Digital Twin-Enabled Predictive Analytics for Friction Stir Welding: Multi-Physics Simulation, Sensor Synchronization, and Defect Detection

Friction stir welding (FSW) is a solid-state joining process capable of producing high-quality, high-strength joints without material melting. However, the strong sensitivity of FSW to process parameters, material variations, and operational disturbances often leads to inconsistent weld quality, creating challenges for reliable industrial quality assurance. Although finite element simulations and experimental optimization studies have improved understanding of underlying thermo-mechanical behavior, most existing approaches remain offline and lack the ability to adapt to real-time process variations. This study presents a comprehensive digital twin framework for FSW by integrating multi-physics finite element simulations, real-time multi-sensor data acquisition, and machine-learning-based predictive analytics. The finite element model captures key physical phenomena, including heat transfer, material flow, and residual stress evolution during welding of AA6061-T6 aluminum alloy, providing a robust physics-based baseline.
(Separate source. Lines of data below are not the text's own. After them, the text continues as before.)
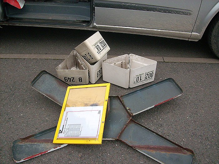 Autor: khhSeltsam muss man zu diesem Fund wirklich schon sagen, denn es waren diverse Verkehrszeichen, Busfahrplantafeln und ähnliches, wie das Foto unten zeigt, die vor knapp einer Stunde gefunden wurden.
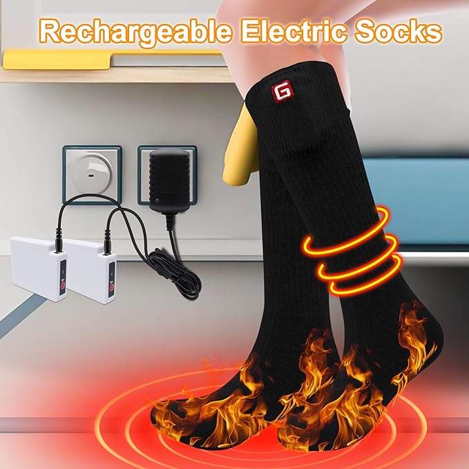 - 【Soft Breathable Insulated Material Thermal Socks】This warm winter socks made with Premium spandex fabric cotton,absorbent breathable,quick drying,elastic thickened,heat insulated and electric module using. Package including: A pair of heated socks, 2pcs batteries, 1pcs AC dual charger, 1pcs user manual and luxury packing box for gift ideal
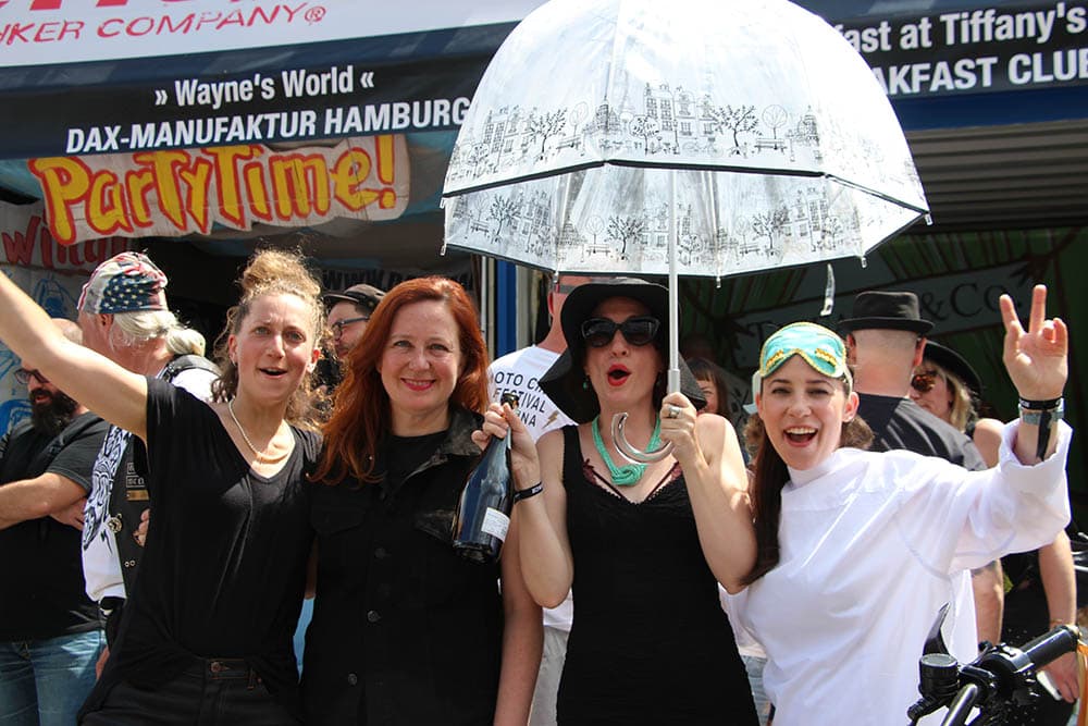In the evening, the teams and hundreds of motorcyclying enthusiasts gather in the village in front of the Nolan Main Stage and eagerly await the award ceremony. The cool girls are now a bit nervous and speculate about their place in the overall standings. The award ceremony starts.
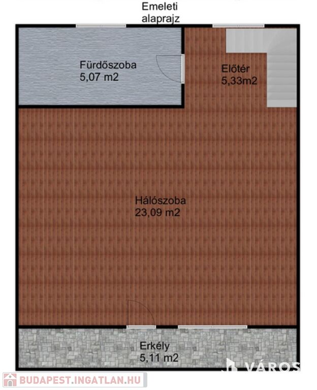 - Az emeleten fürdőszoba, hálószoba, erkély
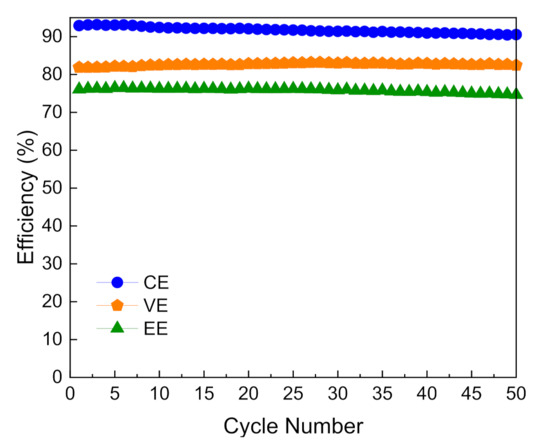The long-term stability of M3-300 membrane was evaluated on-site by the charge-discharge cycling test of VFBs with M3-300 membrane. As shown in Figure 7, the battery using M3-300 membrane could run stably for over 50 cycles and the CE, VE, and EE of VFBs had little decay with the cycle numbers at a current density of 80 mA cm−2, exhibiting good stability. These results indicate that the pore structure of the PAN porous membrane after the solvent post-processing is stable during the running process in VFB.

Real-time synchronization is achieved through thermal, force, and vibration sensor data, enabling continuous updating of the virtual model to reflect process disturbances such as tool wear and clamping variability. Machine learning models are embedded within the digital twin to enhance predictive capability. An artificial neural network predicts mechanical properties with a coefficient of determination (R²) exceeding 0.9, while a support vector machine classifier detects weld defects with accuracy above 92%. Experimental validation confirms that predicted tensile strength and hardness deviate by less than ±4% from measured values. The proposed framework enables real-time monitoring, predictive quality assurance, and proactive defect prevention, advancing friction stir welding toward intelligent, self-adaptive manufacturing aligned with Industry 4.0.